→ MATERIAL PROVIDED
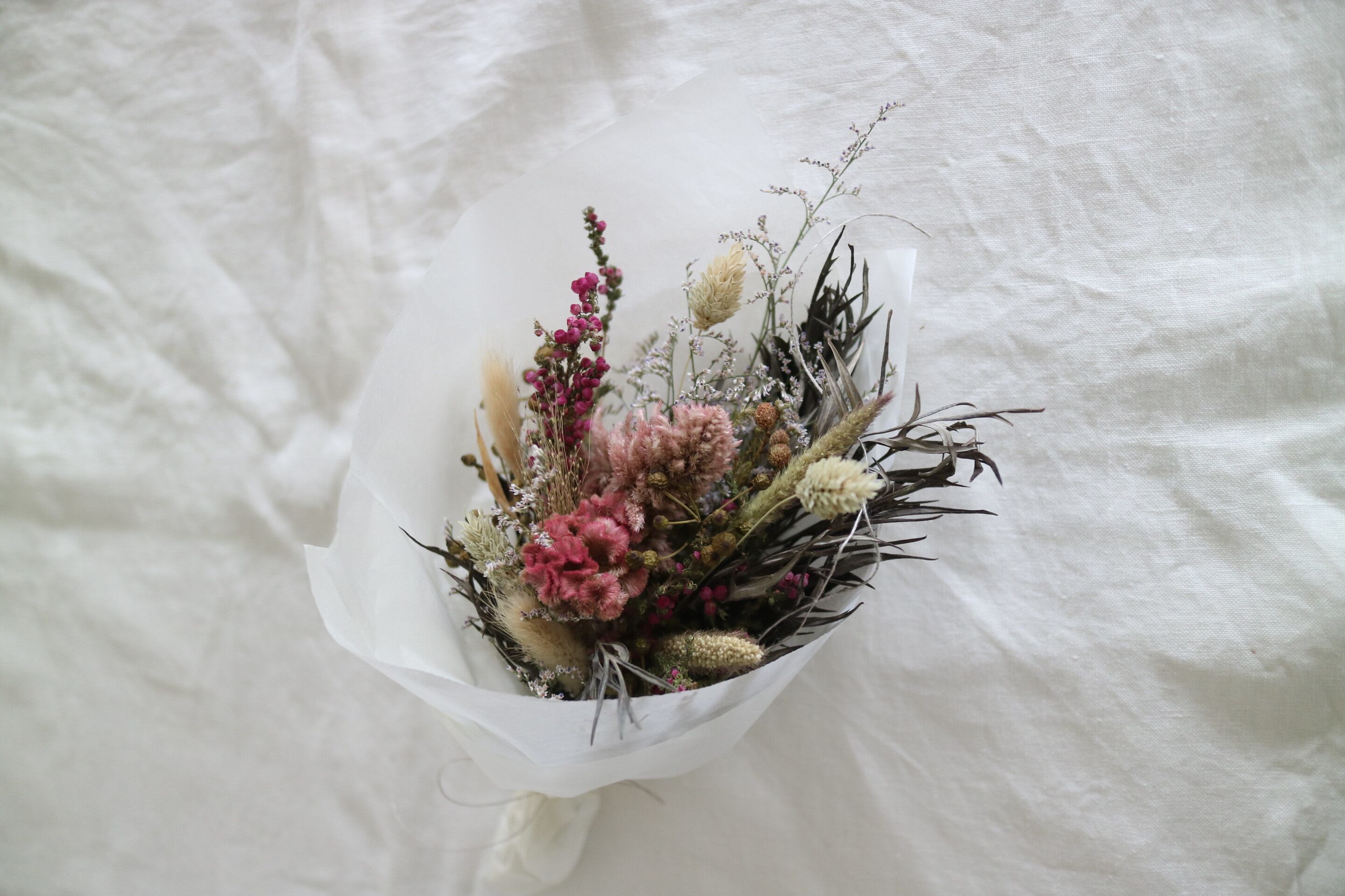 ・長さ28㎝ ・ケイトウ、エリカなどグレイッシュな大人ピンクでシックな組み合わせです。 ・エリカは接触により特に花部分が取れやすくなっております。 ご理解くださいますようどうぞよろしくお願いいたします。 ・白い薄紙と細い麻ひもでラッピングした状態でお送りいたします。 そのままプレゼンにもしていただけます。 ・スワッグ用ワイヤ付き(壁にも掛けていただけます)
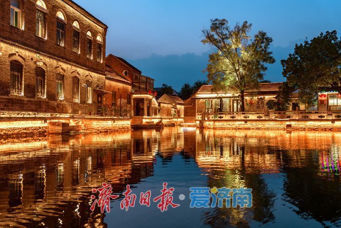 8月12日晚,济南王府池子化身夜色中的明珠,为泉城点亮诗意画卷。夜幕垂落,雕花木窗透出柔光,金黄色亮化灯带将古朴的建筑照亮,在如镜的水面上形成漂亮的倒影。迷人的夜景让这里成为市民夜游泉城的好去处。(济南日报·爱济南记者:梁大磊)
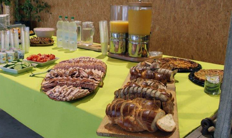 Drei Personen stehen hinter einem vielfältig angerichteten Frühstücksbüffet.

==

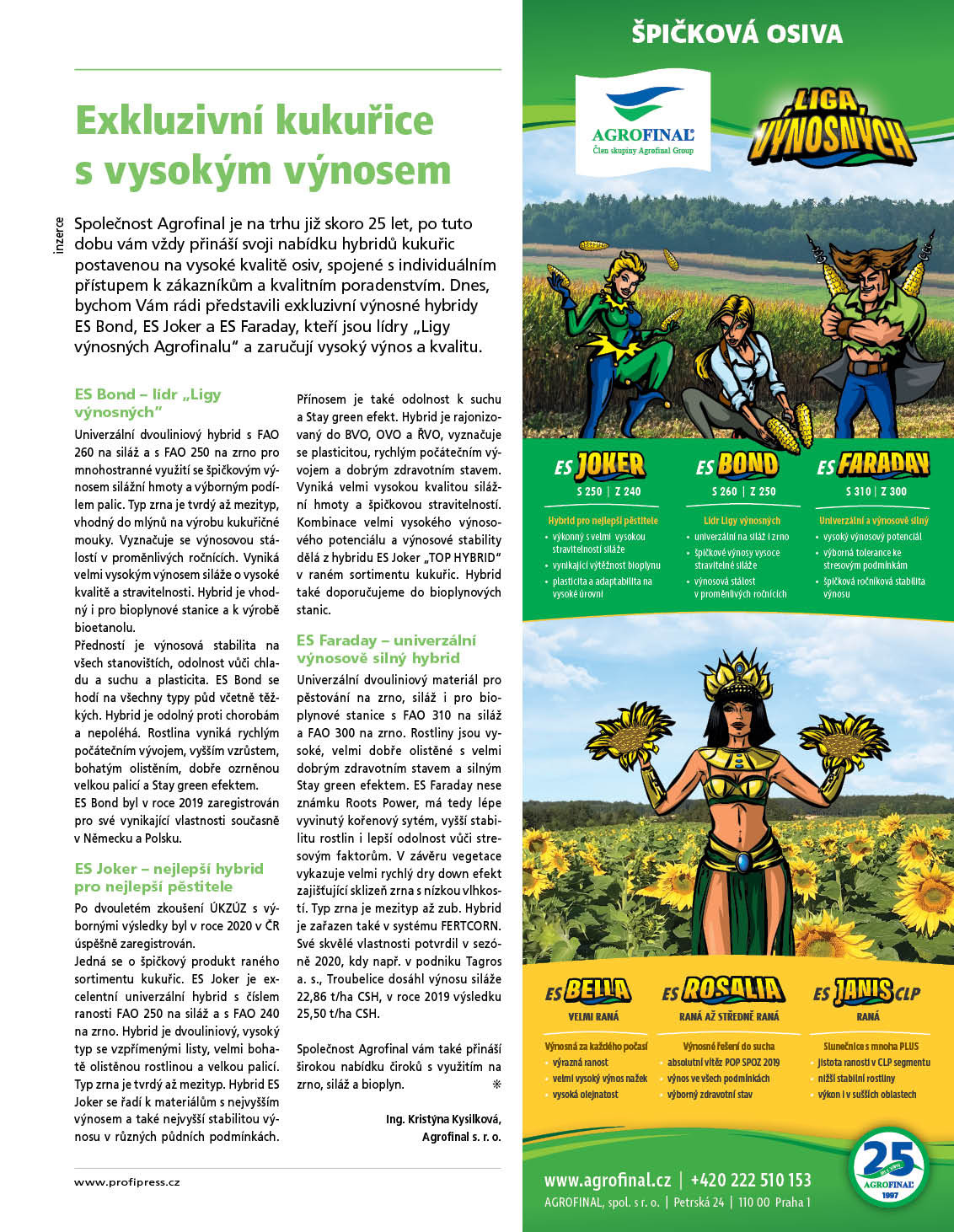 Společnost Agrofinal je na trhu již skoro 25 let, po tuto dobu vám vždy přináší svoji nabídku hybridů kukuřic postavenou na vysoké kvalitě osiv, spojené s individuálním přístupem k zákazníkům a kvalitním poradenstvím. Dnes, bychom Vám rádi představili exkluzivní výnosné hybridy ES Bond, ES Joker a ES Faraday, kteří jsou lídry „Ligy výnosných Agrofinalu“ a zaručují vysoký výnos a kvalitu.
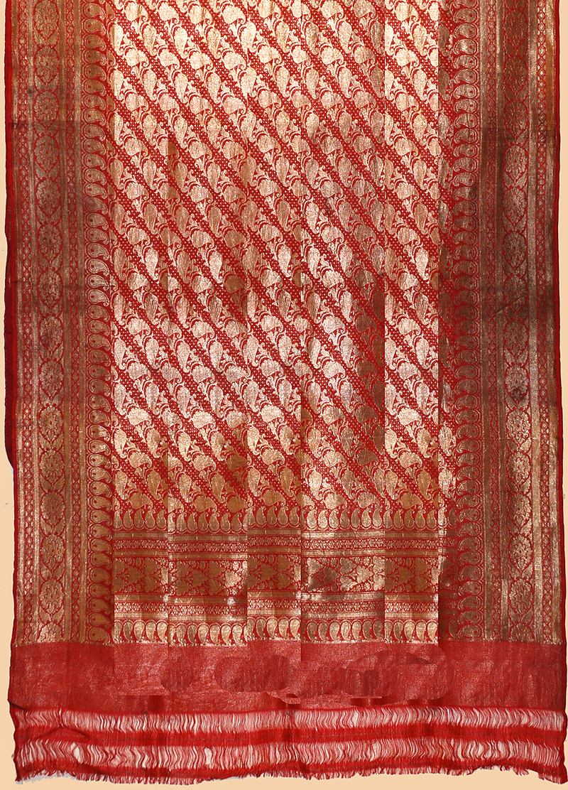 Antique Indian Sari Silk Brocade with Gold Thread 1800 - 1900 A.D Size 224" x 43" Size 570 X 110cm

→ EXERCISE OBJECTIVE
Transcribe, from the material above, the stretch starting at the line with "8月12日晚,济南王府池子化" and ending at the line with "Drei Personen stehen", both included, exactly. Do not carry over pictures.

→ ANSWER AREA
 8月12日晚,济南王府池子化身夜色中的明珠,为泉城点亮诗意画卷。夜幕垂落,雕花木窗透出柔光,金黄色亮化灯带将古朴的建筑照亮,在如镜的水面上形成漂亮的倒影。迷人的夜景让这里成为市民夜游泉城的好去处。(济南日报·爱济南记者:梁大磊)
 Drei Personen stehen hinter einem vielfältig angerichteten Frühstücksbüffet.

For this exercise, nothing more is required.